WHAT IS REQUIRED —
The listing below must be returned in full and unchanged, without the images it carries.

DATASET EXCERPT —
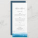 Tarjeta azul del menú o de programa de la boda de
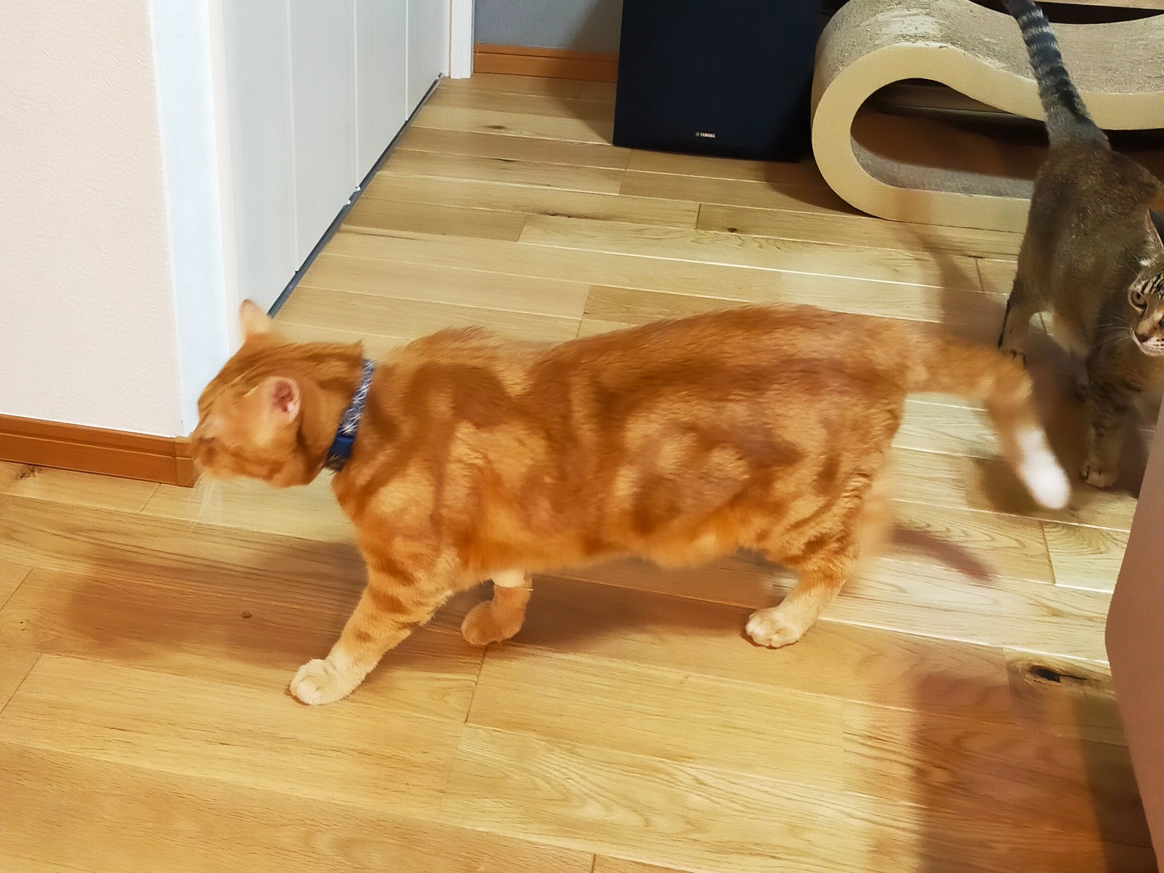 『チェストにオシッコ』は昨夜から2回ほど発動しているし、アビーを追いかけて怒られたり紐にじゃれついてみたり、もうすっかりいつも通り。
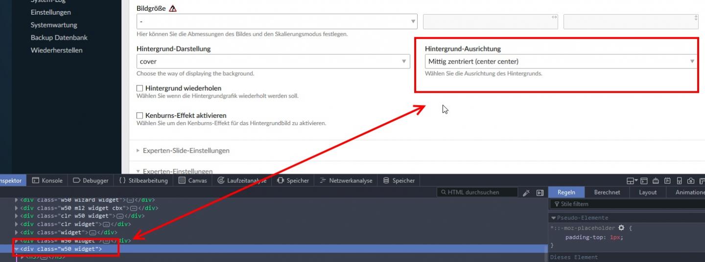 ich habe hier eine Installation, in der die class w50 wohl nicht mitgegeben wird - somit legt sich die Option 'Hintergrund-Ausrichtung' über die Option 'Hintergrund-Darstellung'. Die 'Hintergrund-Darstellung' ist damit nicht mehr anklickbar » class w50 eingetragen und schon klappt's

REPLY TO THE EXERCISE —
 Tarjeta azul del menú o de programa de la boda de
 『チェストにオシッコ』は昨夜から2回ほど発動しているし、アビーを追いかけて怒られたり紐にじゃれついてみたり、もうすっかりいつも通り。
 ich habe hier eine Installation, in der die class w50 wohl nicht mitgegeben wird - somit legt sich die Option 'Hintergrund-Ausrichtung' über die Option 'Hintergrund-Darstellung'. Die 'Hintergrund-Darstellung' ist damit nicht mehr anklickbar » class w50 eingetragen und schon klappt's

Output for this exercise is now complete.